The task force’s report noted that some bishops have been unfairly attacked as partisan and others have been called cowards. Some have been accused of being single issue,’ indifferent to the poor or unconcerned about the war, it said. Others have been called unconcerned about the destruction of unborn human life, but preoccupied by poverty or war. That is not who we are.
The report said the bishops’ doctrine and pastoral practices committees have agreed to take up the matter of church teaching on the proper disposition for reception of Communion.
Data Collection on Abuse Will Continue
The U.S. bishops approved a proposal to gather annual information on the number of new accusations of sexual abuse by members of the Catholic clergy and other church personnel, the resolution of existing cases and the related costs of handling such cases for dioceses. The bishops also approved streamlining the 2005 audits to see if dioceses are observing the Charter for the Protection of Children and Young People, allowing for fewer on-site inspections and more self-reporting.

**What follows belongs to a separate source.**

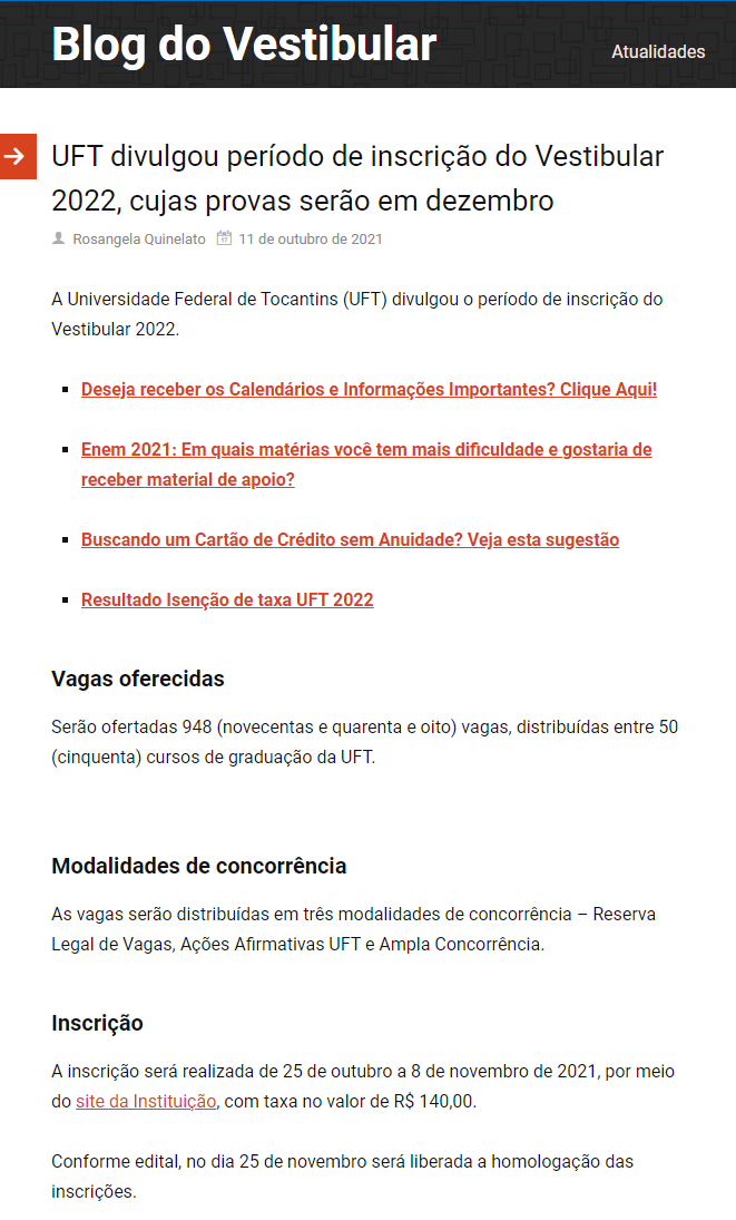 Matéria disponível: https://www.blogdovestibular.com/vestibular/uft-inscricao-vestibular-2022.html

Under the modifications, full on-site audits for 2005 will be conducted only in dioceses and eparchies that did not participate in the 2004 audits or were in complete noncompliance.
In regional groupings at their November meeting, the bishops also discussed a new draft of the Dallas charter, which was presented by the bishops’ Ad Hoc Committee on Sexual Abuse. The draft includes only minor changes in the 2002 text and still calls for zero tolerance, the permanent exclusion from ministry of any cleric who has sexually abused a minor. The bishops will vote on a revised charter in spring 2005.
Kathleen McChesney, who set up the U.S. bishops’ office to help dioceses implement child sex abuse prevention policies, plans to resign on Feb. 25 after publication of the 2004 diocesan compliance audits. Children are safer now under the church’s policies, but the bishops’ Office of Child and Youth Protection will continue to function, Ms. McChesney said on Nov. 15. She said that her two-year contract called for her to set up the office, conduct a diocesan compliance audit and establish ongoing procedures to assure implementation of the bishops’ policies; and these have been accomplished.
The Vatican has approved on a trial basis for five years the National Directory for the Formation, Ministry and Life of Permanent Deacons in the United States, which the bishops approved in 2003. It will take effect on Aug. 10, 2005.
Catholics will make up 29 percent of the 109th Congress when it convenes in early January, with a slight rise in the number of Catholic Republicans and a similar drop in the number of Catholic Democrats. With 128 representatives and 24 senators identifying themselves as Catholics, according to a survey by Congressional Quarterly, Catholicism remains the largest single religious affiliation claimed by members of the new Congress. Baptists were second, with 65 House members and seven senators.